I don't have any answers on any of these questions. I'm looking into it myself.

Mitchell said...

One reason that conformal gravity is interesting, is that it is closely related to ordinary ("Einstein") gravity. At the end, Mannheim cites some work by 't Hooft in which (as I recall) a renormalization counterterm for Einstein gravity, is something from conformal gravity. And conversely, Maldacena wrote about how to get Einstein gravity from conformal gravity, I think by projecting out the bad quantum states from the Hilbert space.

Mannheim is not combining internal symmetries with spacetime symmetry. The standard model without a Higgs does have conformal symmetry, but it is a separate symmetry to the gauge symmetries.

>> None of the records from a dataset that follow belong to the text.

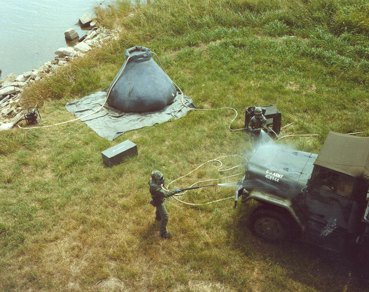 Figure 19. Soldiers in training use a SenatorTM to decontaminate a vehicle.
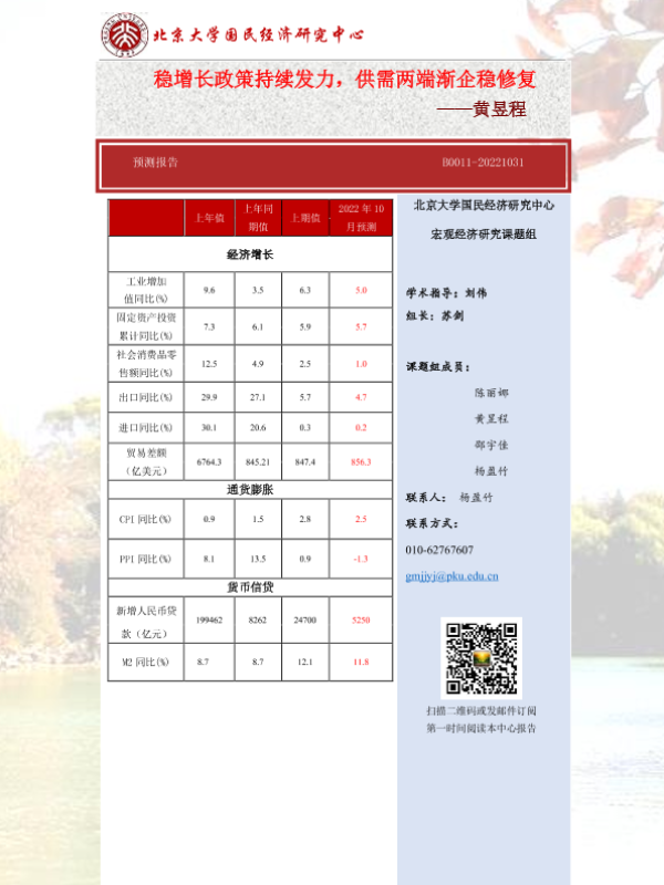 【北京大学国民经济研究中心】【20221031】稳增长政策持续发力,供需两端渐企稳修复-14页
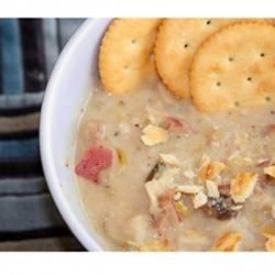 2Place mustard, salt, pepper, celery salt, and flour together in a bowl. Gradually whisk in water and chicken broth until well blended. Stir into potato mixture, and bring to a boil. Reduce to a simmer, and cook for 1 hour.

As usual one should distinguish between global and local symmetries. e.g. a free Dirac electron has a global phase symmetry, but a Dirac electron interacting with the photon field has a local phase symmetry, indeed gauging the phase symmetry implies the photon field, which is the gauge field of the U(1) phase symmetry.

The conformal symmetry of the conformal standard model is a global symmetry, but conformal gravity has local conformal invariance.

neo said...

Mitchel

thanks, other than supersymmetry has there been any theory of gravity that starts with the internal symmetries of the standard model, then create a theory of gravity out of that?

what do you think of these papers that show you can derive MOND from conformal gravity? and since it has conformal symmetry, does this imply it is also asymptotically safe?